_TRY IT_. Reproduce the listing exactly, with no pictures in your copy.

_DATA_.
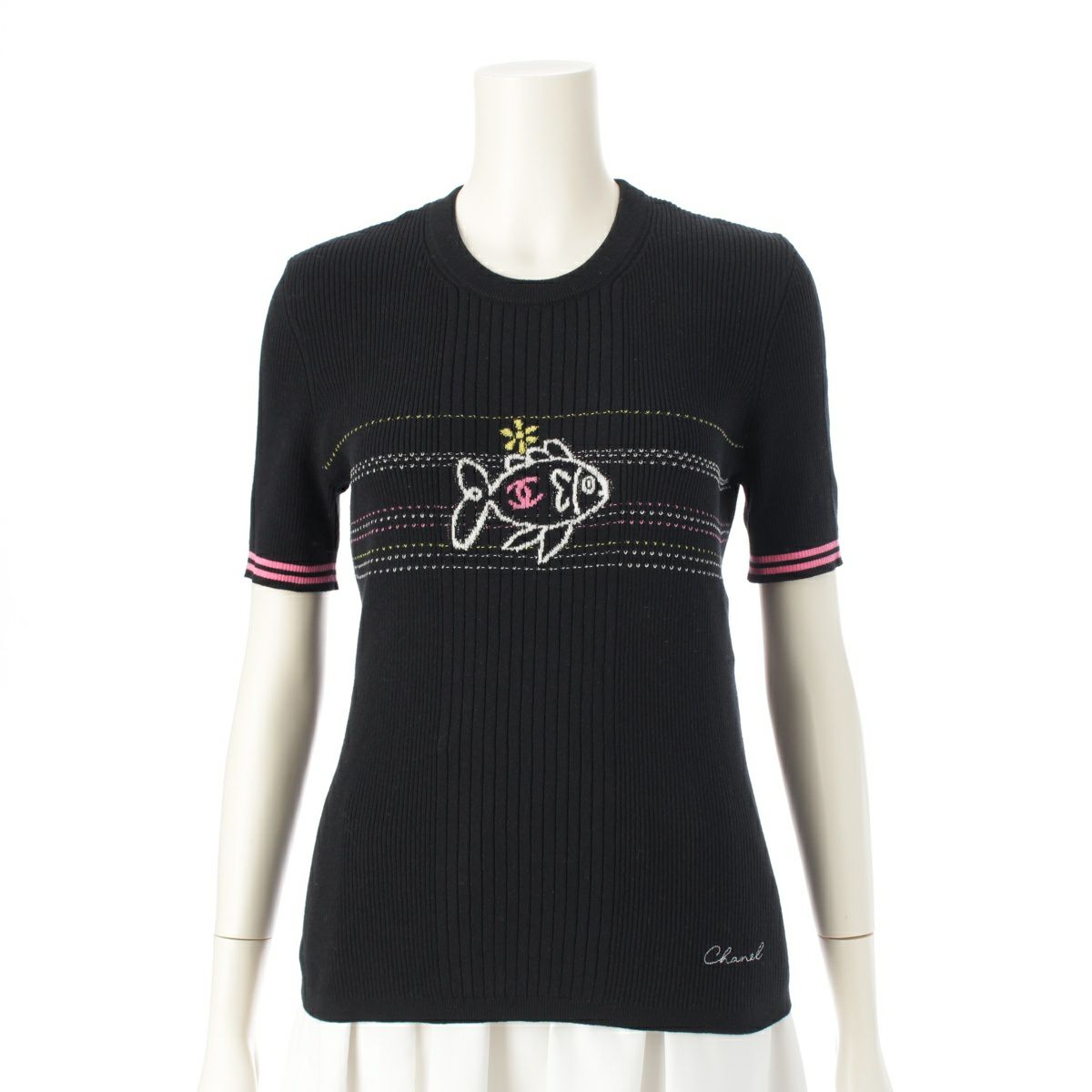 他の画像を見る CHANEL シャネル 25C コットン 魚刺繍 ココマーク 半袖 ニット カットソー Tシャツ P78698 ブラック 40 在庫切れ お気に入りに登録する 当店特別価格 ¥ 220,000 税込 円 200,000円
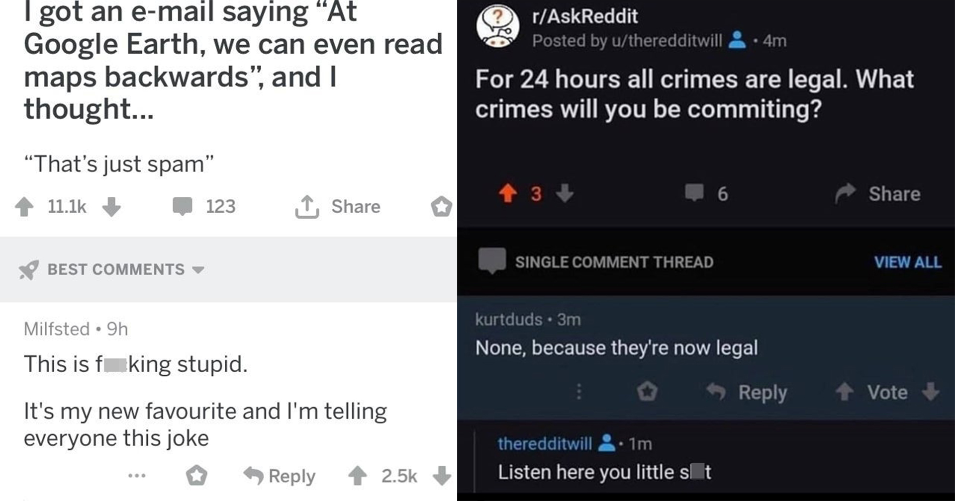 Hilarious Joke Dirtybomb from i.redd.it Welcome to r/funny, reddit's largest humour depository. Many of the dark humor reddit jokes and puns are jokes supposed to be funny, but some can be offensive. When they woke up, they were at the leader of the tribe's throne. Last night, when her friend came to her, i heard when she whispered to her: Jokes give a light funny shot and fits in every environment. These jokes may or may not have come from dads. Ask reddit is a forum where people can ask a question of the community and get responses from people from all walks of life. They say a joke becomes a dad joke when it becomes apparent.
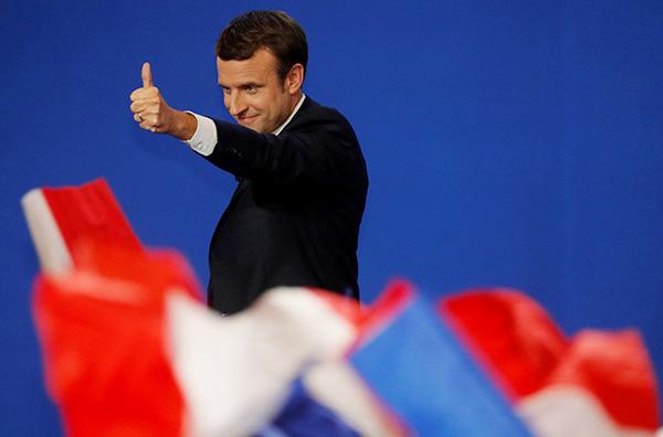 马克隆在初步结果出来后向支持者致意
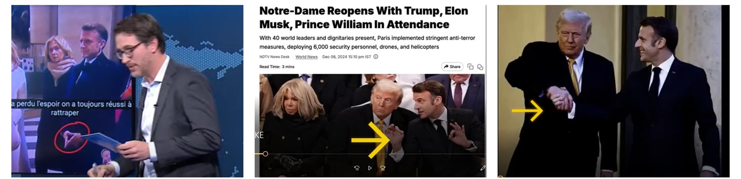 Another notable aspect was President Macron's visit to the cathedral before its official reopening, where the French president [deliberately] made an inverted Masonic pyramid symbol with his fingertips, Alerting the Illuminati Masons! Later, during the opening ceremony on December 7, 2024, mainstream media photographs (see for example, this NDTV photo) showed Macron seated next to Donald Trump making what some observers described as a "666" hand gesture. How convenient could this be? As noted by a commenter in this video, the Notre Dame cathedral's reopening occurred exactly 28,666 days after Donald Trump's birth (June 14, 1946 - December 7, 2024). "Notre Dame's ceremonial reopening also marks Trump's return to the world stage" (PBS News, 2024). It's notable that while the current U.S. president was absent, Trump attended and met with President Macron.
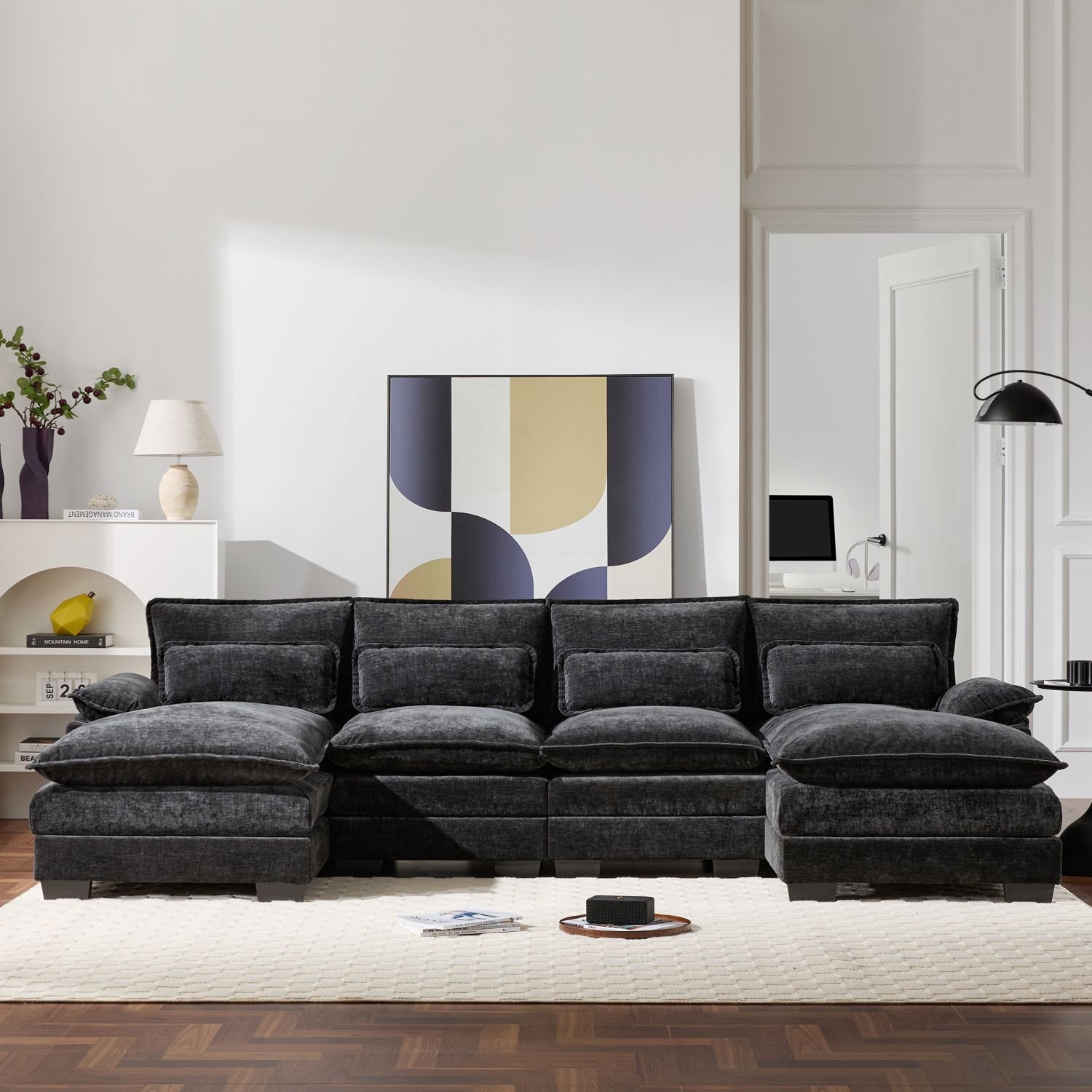 Comfortable design: The sofa is made of high-quality chenille, which is soft, comfortable and durable.Armrest pillows on both sides of the sofa can relax your head, and there are also 4 lumbar pillows to give better lumbar support, making it easy to adjust your posture and reduce discomfort and fatigue.

_RESPONSE AREA_.
 他の画像を見る CHANEL シャネル 25C コットン 魚刺繍 ココマーク 半袖 ニット カットソー Tシャツ P78698 ブラック 40 在庫切れ お気に入りに登録する 当店特別価格 ¥ 220,000 税込 円 200,000円
 Hilarious Joke Dirtybomb from i.redd.it Welcome to r/funny, reddit's largest humour depository. Many of the dark humor reddit jokes and puns are jokes supposed to be funny, but some can be offensive. When they woke up, they were at the leader of the tribe's throne. Last night, when her friend came to her, i heard when she whispered to her: Jokes give a light funny shot and fits in every environment. These jokes may or may not have come from dads. Ask reddit is a forum where people can ask a question of the community and get responses from people from all walks of life. They say a joke becomes a dad joke when it becomes apparent.
 马克隆在初步结果出来后向支持者致意
 Another notable aspect was President Macron's visit to the cathedral before its official reopening, where the French president [deliberately] made an inverted Masonic pyramid symbol with his fingertips, Alerting the Illuminati Masons! Later, during the opening ceremony on December 7, 2024, mainstream media photographs (see for example, this NDTV photo) showed Macron seated next to Donald Trump making what some observers described as a "666" hand gesture. How convenient could this be? As noted by a commenter in this video, the Notre Dame cathedral's reopening occurred exactly 28,666 days after Donald Trump's birth (June 14, 1946 - December 7, 2024). "Notre Dame's ceremonial reopening also marks Trump's return to the world stage" (PBS News, 2024). It's notable that while the current U.S. president was absent, Trump attended and met with President Macron.
 Comfortable design: The sofa is made of high-quality chenille, which is soft, comfortable and durable.Armrest pillows on both sides of the sofa can relax your head, and there are also 4 lumbar pillows to give better lumbar support, making it easy to adjust your posture and reduce discomfort and fatigue.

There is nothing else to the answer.